How does this sound?

Fashion Perspective Tours are well known, and have been in business for a while! They offer reasonably priced tours with exclusive contacts in the world of fashion, especially current designers and historic costume collections.



They are offering a trip to *Italy:* Florence, Lake Como, and Milan on March 9-16, 2007 that sounds great!!

Here are the details:

Milan is the city where all the action is in the haute couture and pret-a-porter. Visit the Quadrilatero area of the great designers. Exclusive designer appointment. Couture discount. The silk industry highlighted with visits to the Silk Museum, a silk factory, and silk discount at Lake Como are on the agenda. Florence highlights great art, historic costume, the Ferragamo Shoe Museum, and the Leather School.
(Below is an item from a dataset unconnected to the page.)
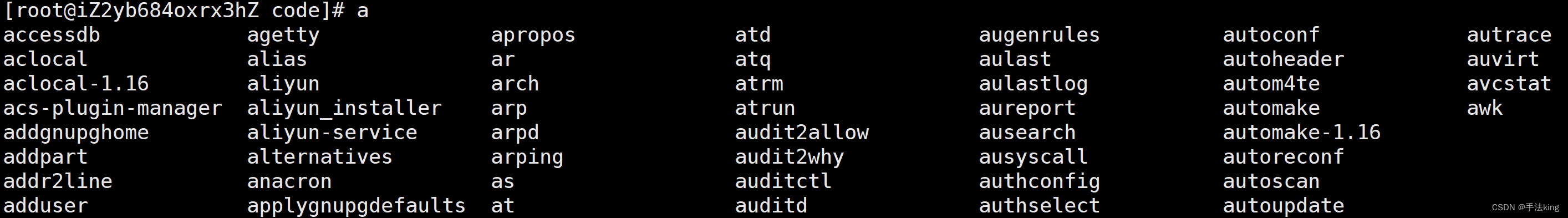 一个字符再加上 两下【tab】 就可以在程序里搜素含有 字符的指令了;

$2,275 per person double or triple occupancy
$400 single supplement
*TRIP INCLUDES:*
* Roundtrip airfare East Coast Gateway 
* 3 nights, charming hotel Florence (Albani Hotel or similar) 
* 3 nights, lovely hotel Milan (Galles Hotel or similar) 
* Breakfast daily
* Transportation between cities.
* Day trip to Lake Como 
* Exclusive Appointments
* Fully escorted 

Non-refundable and non-transferable deposit of $1,000 due Nov. 1, 2006 along with a completed Traveler Information Forum (on the site).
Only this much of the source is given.